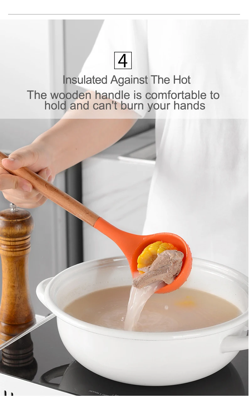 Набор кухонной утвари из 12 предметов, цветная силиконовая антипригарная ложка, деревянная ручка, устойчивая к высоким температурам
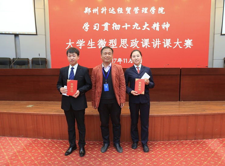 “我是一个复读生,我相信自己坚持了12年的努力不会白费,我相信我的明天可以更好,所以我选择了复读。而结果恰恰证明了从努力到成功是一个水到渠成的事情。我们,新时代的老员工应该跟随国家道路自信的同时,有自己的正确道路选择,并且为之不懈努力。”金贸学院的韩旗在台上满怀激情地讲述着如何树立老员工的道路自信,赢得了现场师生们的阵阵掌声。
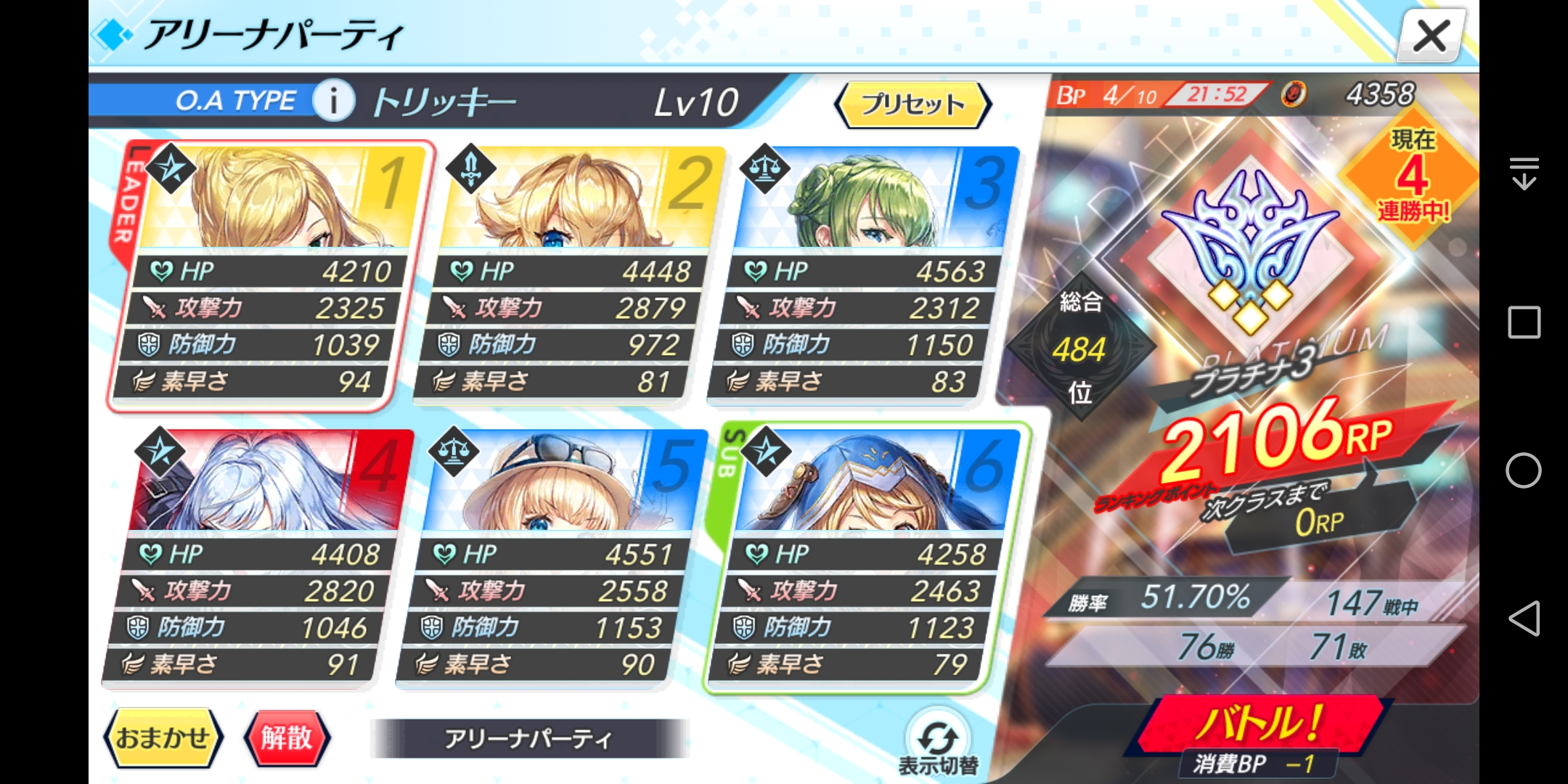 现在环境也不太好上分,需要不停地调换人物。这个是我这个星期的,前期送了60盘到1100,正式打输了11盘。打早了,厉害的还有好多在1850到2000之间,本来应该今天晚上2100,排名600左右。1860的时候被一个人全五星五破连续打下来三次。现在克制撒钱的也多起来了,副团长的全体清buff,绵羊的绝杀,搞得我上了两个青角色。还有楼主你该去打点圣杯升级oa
━━━━━━━━━━━━━━━━
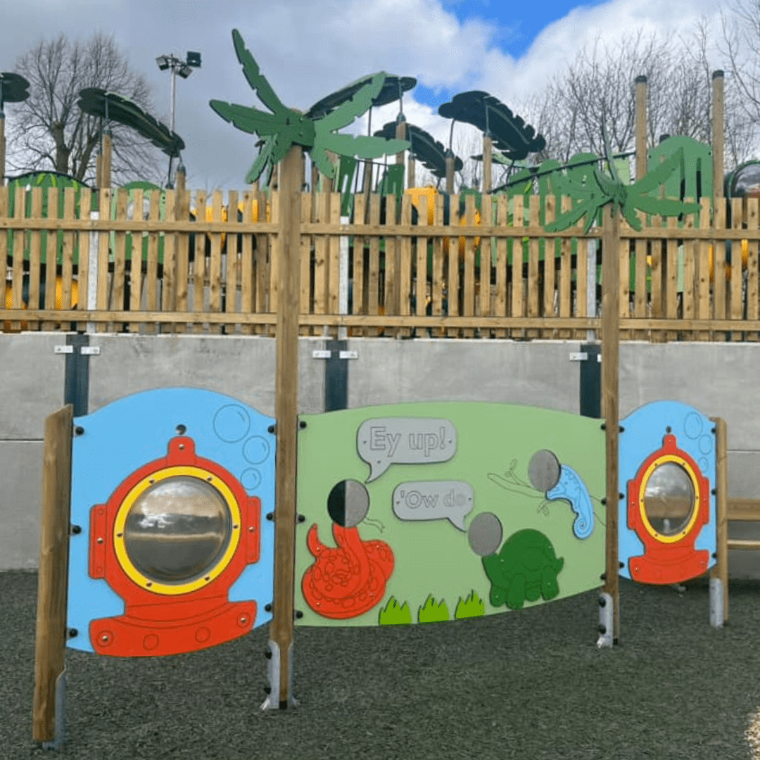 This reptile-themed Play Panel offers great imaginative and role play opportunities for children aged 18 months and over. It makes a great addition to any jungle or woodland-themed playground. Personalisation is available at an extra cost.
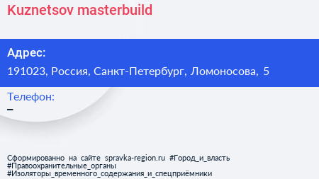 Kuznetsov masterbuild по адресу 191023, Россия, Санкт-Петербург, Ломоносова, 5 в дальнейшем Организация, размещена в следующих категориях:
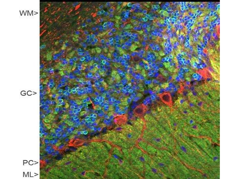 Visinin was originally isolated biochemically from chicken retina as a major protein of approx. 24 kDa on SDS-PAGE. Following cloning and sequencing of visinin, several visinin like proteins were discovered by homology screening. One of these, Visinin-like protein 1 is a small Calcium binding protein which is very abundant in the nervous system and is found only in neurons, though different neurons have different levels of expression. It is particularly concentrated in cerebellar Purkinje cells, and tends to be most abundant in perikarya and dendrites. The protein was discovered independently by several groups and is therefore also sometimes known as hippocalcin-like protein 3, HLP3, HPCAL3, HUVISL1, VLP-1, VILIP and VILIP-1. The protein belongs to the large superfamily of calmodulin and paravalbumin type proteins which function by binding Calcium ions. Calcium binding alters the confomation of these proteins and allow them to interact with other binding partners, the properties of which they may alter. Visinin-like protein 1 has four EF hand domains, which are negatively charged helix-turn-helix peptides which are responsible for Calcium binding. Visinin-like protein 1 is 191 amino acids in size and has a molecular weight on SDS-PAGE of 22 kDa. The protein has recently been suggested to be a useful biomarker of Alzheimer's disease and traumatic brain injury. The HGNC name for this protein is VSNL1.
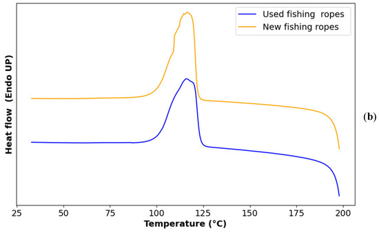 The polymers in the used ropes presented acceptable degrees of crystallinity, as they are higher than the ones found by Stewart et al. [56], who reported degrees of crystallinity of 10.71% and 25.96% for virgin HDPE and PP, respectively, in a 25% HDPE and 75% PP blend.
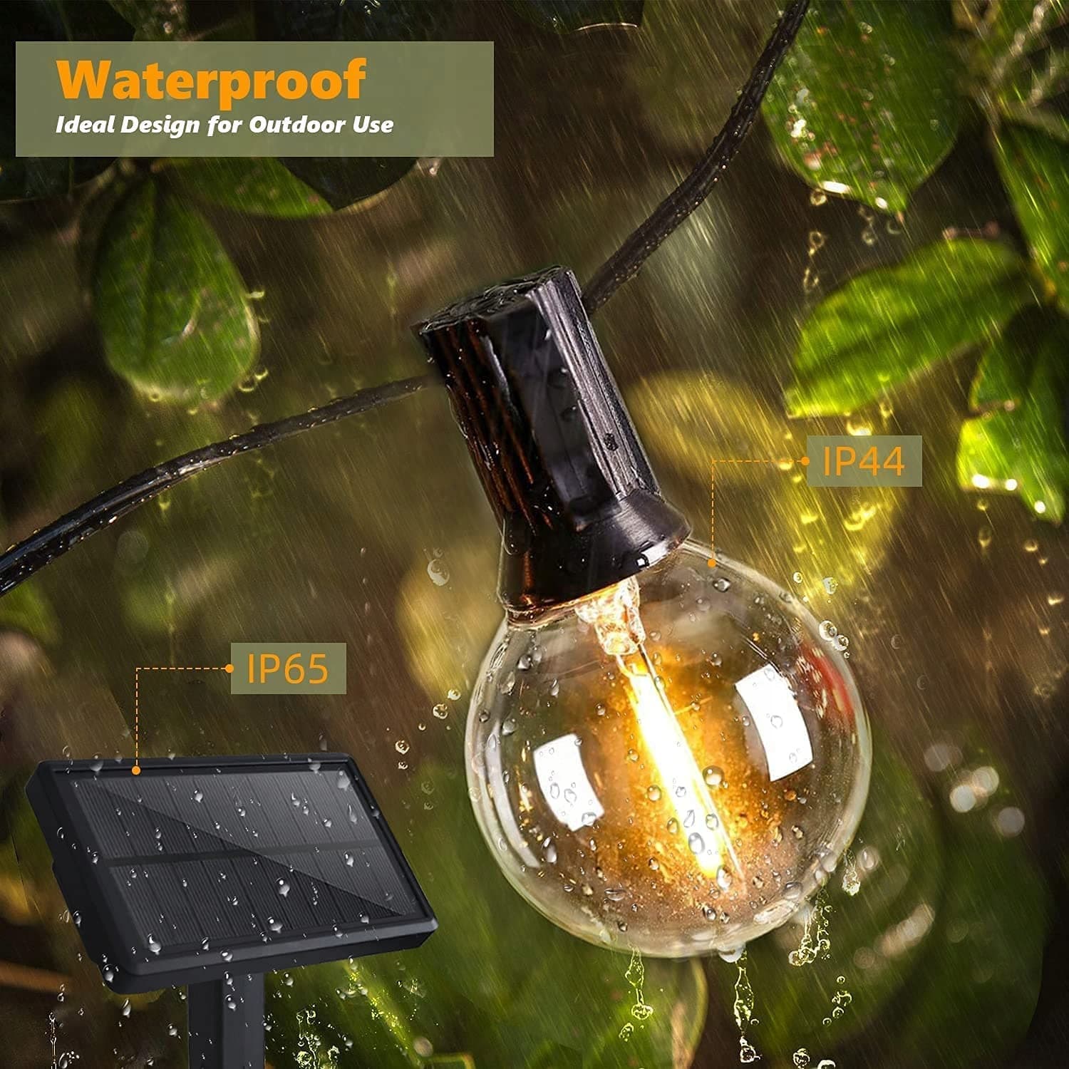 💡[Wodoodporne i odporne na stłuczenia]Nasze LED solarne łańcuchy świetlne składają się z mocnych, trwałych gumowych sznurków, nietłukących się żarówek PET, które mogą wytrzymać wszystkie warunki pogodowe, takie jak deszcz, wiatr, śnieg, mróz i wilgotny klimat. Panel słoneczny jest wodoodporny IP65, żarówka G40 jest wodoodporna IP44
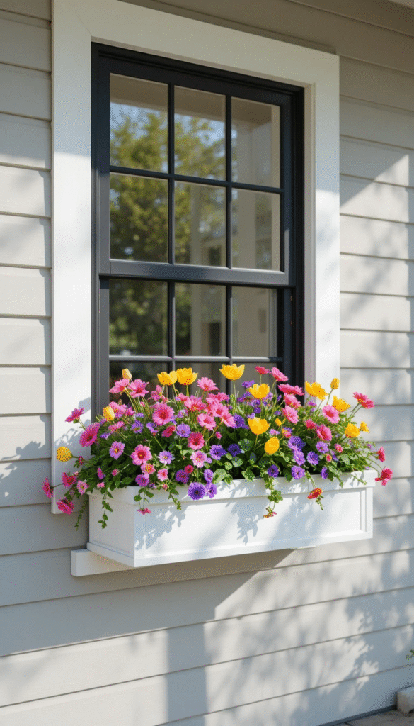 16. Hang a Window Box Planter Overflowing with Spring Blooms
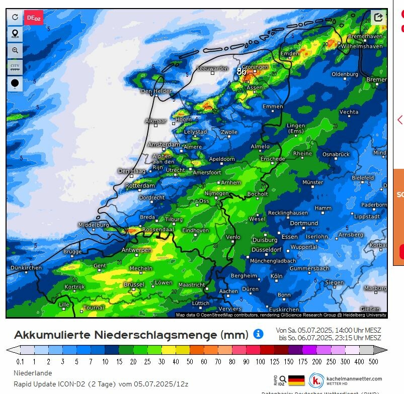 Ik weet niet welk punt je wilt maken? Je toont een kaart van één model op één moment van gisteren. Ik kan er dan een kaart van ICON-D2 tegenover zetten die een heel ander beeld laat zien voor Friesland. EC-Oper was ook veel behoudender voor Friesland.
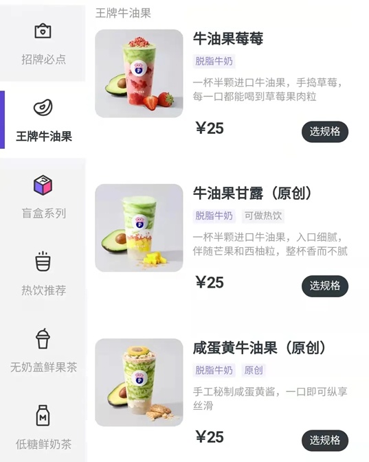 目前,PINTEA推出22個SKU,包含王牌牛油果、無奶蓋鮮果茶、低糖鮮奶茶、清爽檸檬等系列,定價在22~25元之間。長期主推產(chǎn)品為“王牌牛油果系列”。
━━━━━━━━━━━━━━━━
Description of the task — Copy the lines above between the one holding "Набор кухонной утвари" and the one holding "现在环境也不太好上分,需要不", inclusive. Drop the pictures.

Answer area —
 Набор кухонной утвари из 12 предметов, цветная силиконовая антипригарная ложка, деревянная ручка, устойчивая к высоким температурам
 “我是一个复读生,我相信自己坚持了12年的努力不会白费,我相信我的明天可以更好,所以我选择了复读。而结果恰恰证明了从努力到成功是一个水到渠成的事情。我们,新时代的老员工应该跟随国家道路自信的同时,有自己的正确道路选择,并且为之不懈努力。”金贸学院的韩旗在台上满怀激情地讲述着如何树立老员工的道路自信,赢得了现场师生们的阵阵掌声。
 现在环境也不太好上分,需要不停地调换人物。这个是我这个星期的,前期送了60盘到1100,正式打输了11盘。打早了,厉害的还有好多在1850到2000之间,本来应该今天晚上2100,排名600左右。1860的时候被一个人全五星五破连续打下来三次。现在克制撒钱的也多起来了,副团长的全体清buff,绵羊的绝杀,搞得我上了两个青角色。还有楼主你该去打点圣杯升级oa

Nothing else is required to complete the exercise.